L'affaire Gabby Petito a amplifié les discussions sur le phénomène intitulé le Missing White Woman Syndrome. Le Missing White Woman Syndrome souligne le manque sévère d'attention médiatique que les minorités reçoivent lorsqu'elles ont disparu. 

Le syndrome de la femme blanche disparue met en évidence les niveaux disproportionnés d'attention que les cas de femmes blanches disparues reçoivent, comparés à ce que les femmes d'autres classes et origines ethniques reçoivent.

L'affaire Gabby Petito

L'affaire de la femme blanche de 22 ans, Gabby Petito, a capté l'attention des Américains à l'échelle nationale en seulement deux semaines. La disparition soudaine de Gabby au cours de son voyage avec son petit ami, Brian Laundrie, a immédiatement suscité l'intérêt alors que des personnes à travers le pays s'efforçaient de détecter des indices et de résoudre elles‑mêmes le cas de disparition de Gabby.

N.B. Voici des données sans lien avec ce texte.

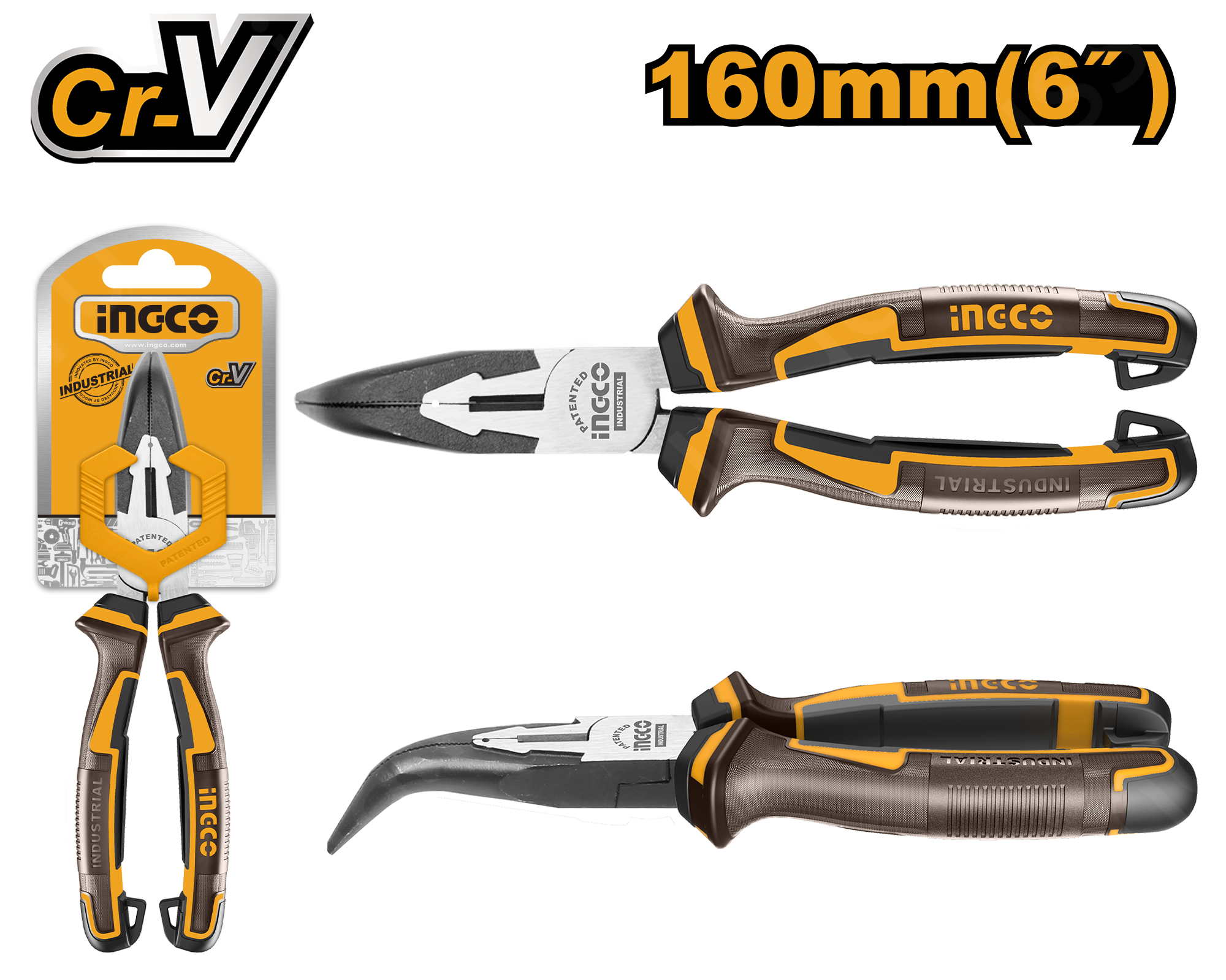 Тонкогубцы изогнутые 160 мм INGCO HBNP28168 INDUSTRIAL
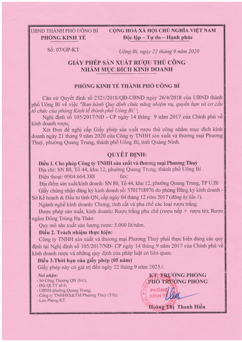 Tên đơn vị/nhà sản xuất: Công ty TNHH sản xuất và thương mại Phương Thùy
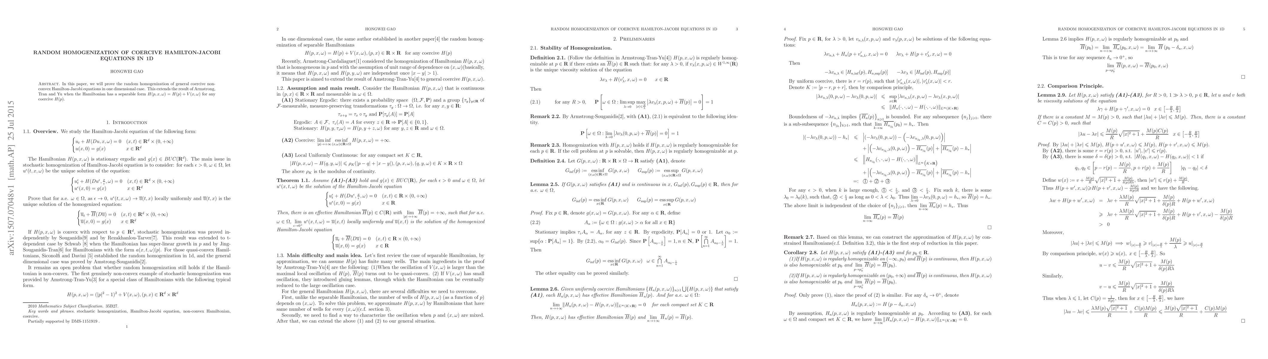 Summary: This paper proves the random homogenization of general coercive non-convex Hamilton-Jacobi equations in one dimension, extending previous results for separable Hamiltonians to a broader class of coercive functions.

Peu de temps après, les officiers ont confirmé qu'un corps mort trouvé dans le parc national de Grand Teton était la disparue Gabby Petito. Bien que certains puissent penser que la carcasse signalée de Gabby marquait la fin de l'affaire, la fixation nationale a continué. L'affaire se poursuit alors que les autorités recherchent Brian Laundrie, le petit ami de Gabby, désormais suspect potentiel. (Source : ABC News

Le syndrome de la femme blanche disparue

Les personnes appartenant à des groupes minoritaires, en particulier les femmes de couleur, ont exprimé leur tristesse, déclarant qu'elles souhaitaient que les gens manifestent ce même niveau d'engagement lorsque leurs proches disparaissent.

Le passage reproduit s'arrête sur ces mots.